§ **Material shown**:
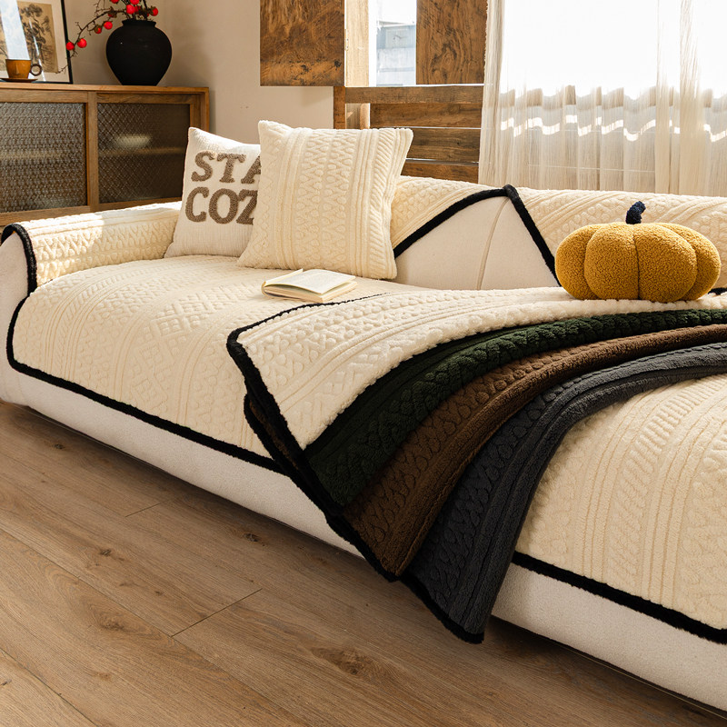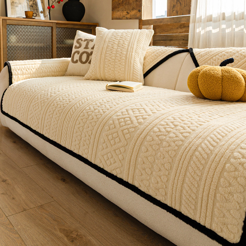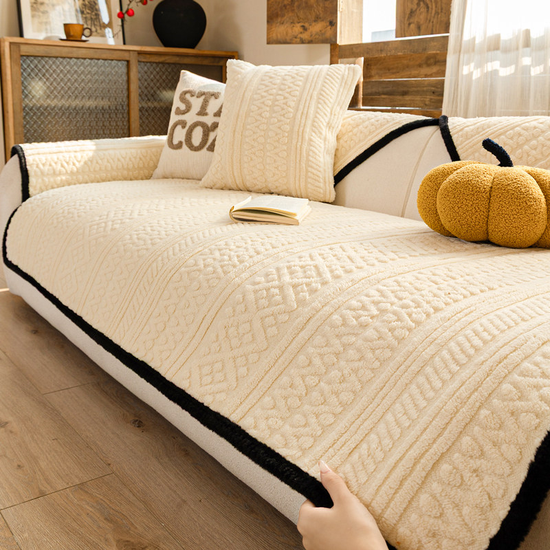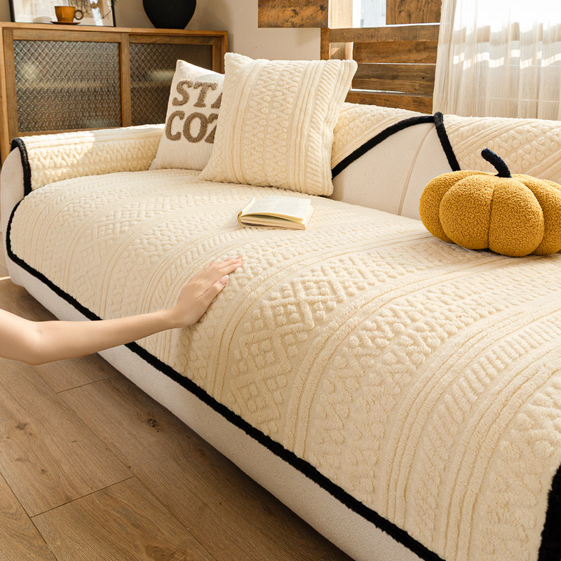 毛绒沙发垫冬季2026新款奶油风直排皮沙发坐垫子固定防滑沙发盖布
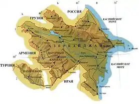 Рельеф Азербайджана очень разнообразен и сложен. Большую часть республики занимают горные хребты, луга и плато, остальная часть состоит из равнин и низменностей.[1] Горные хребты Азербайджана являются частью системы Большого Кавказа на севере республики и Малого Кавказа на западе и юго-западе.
* * *
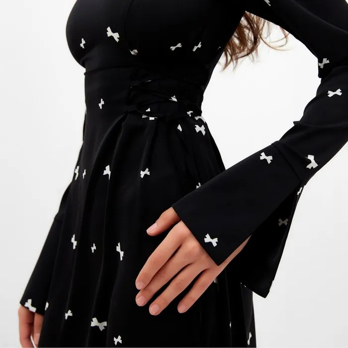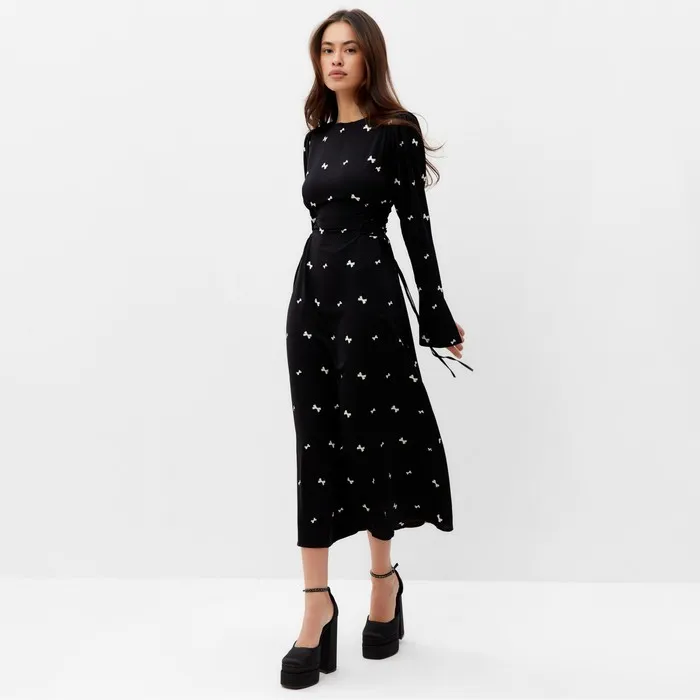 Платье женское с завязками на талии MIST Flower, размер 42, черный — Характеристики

§ **How to complete this task**: "毛绒沙发垫冬季2026新款奶油风直排皮沙发坐垫子固定防滑沙发盖布" marks the first line to copy, and "Рельеф Азербайджана очень" marks the last. Repeat that stretch above exactly, with no pictures.

§ **Answer**:
 毛绒沙发垫冬季2026新款奶油风直排皮沙发坐垫子固定防滑沙发盖布
 Рельеф Азербайджана очень разнообразен и сложен. Большую часть республики занимают горные хребты, луга и плато, остальная часть состоит из равнин и низменностей.[1] Горные хребты Азербайджана являются частью системы Большого Кавказа на севере республики и Малого Кавказа на западе и юго-западе.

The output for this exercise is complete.